• What to work on: In the material below, find the line with "Optez pour un" and the line with "This paper presents". Output exactly those two lines and all lines between them, leaving out pictures.

• Dataset content:
• • • •

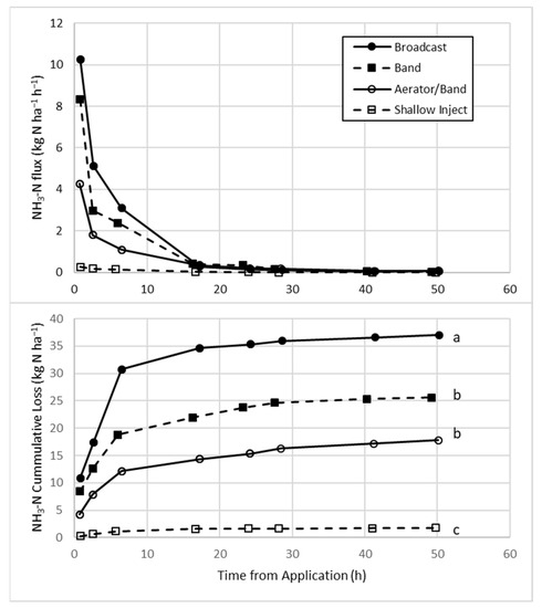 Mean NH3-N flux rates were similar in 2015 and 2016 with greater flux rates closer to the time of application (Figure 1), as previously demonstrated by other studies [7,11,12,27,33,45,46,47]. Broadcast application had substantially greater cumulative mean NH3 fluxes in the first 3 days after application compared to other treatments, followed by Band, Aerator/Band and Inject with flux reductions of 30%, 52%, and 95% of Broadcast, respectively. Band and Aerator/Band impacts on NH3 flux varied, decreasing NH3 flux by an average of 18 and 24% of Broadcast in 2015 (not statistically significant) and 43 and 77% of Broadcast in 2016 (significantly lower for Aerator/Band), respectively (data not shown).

• • • •

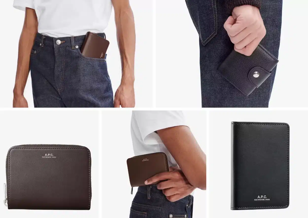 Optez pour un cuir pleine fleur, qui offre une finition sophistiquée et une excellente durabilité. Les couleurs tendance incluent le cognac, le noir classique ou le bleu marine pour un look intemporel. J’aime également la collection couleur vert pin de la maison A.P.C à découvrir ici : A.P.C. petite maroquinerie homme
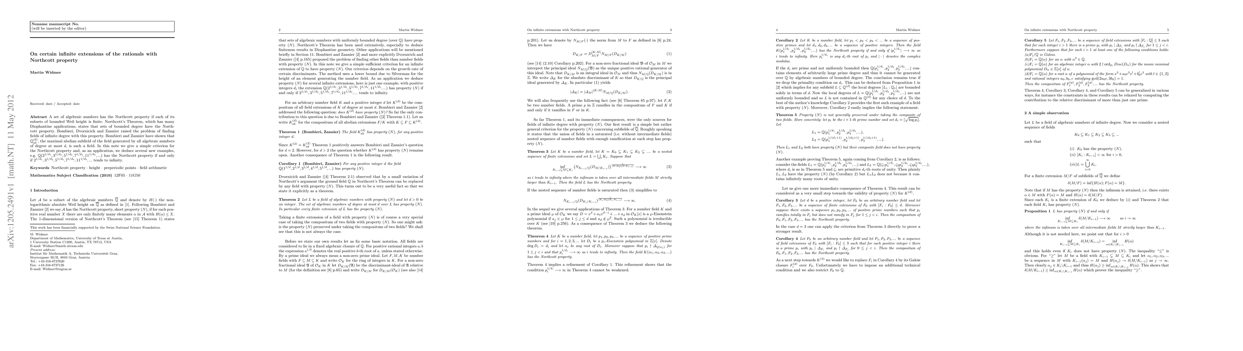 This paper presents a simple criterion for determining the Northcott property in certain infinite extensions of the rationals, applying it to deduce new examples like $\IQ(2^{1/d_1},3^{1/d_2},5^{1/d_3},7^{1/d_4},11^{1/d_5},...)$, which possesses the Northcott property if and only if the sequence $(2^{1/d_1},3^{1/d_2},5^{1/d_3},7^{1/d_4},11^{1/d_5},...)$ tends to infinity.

• • • •

• Exercise output:
 Optez pour un cuir pleine fleur, qui offre une finition sophistiquée et une excellente durabilité. Les couleurs tendance incluent le cognac, le noir classique ou le bleu marine pour un look intemporel. J’aime également la collection couleur vert pin de la maison A.P.C à découvrir ici : A.P.C. petite maroquinerie homme
 This paper presents a simple criterion for determining the Northcott property in certain infinite extensions of the rationals, applying it to deduce new examples like $\IQ(2^{1/d_1},3^{1/d_2},5^{1/d_3},7^{1/d_4},11^{1/d_5},...)$, which possesses the Northcott property if and only if the sequence $(2^{1/d_1},3^{1/d_2},5^{1/d_3},7^{1/d_4},11^{1/d_5},...)$ tends to infinity.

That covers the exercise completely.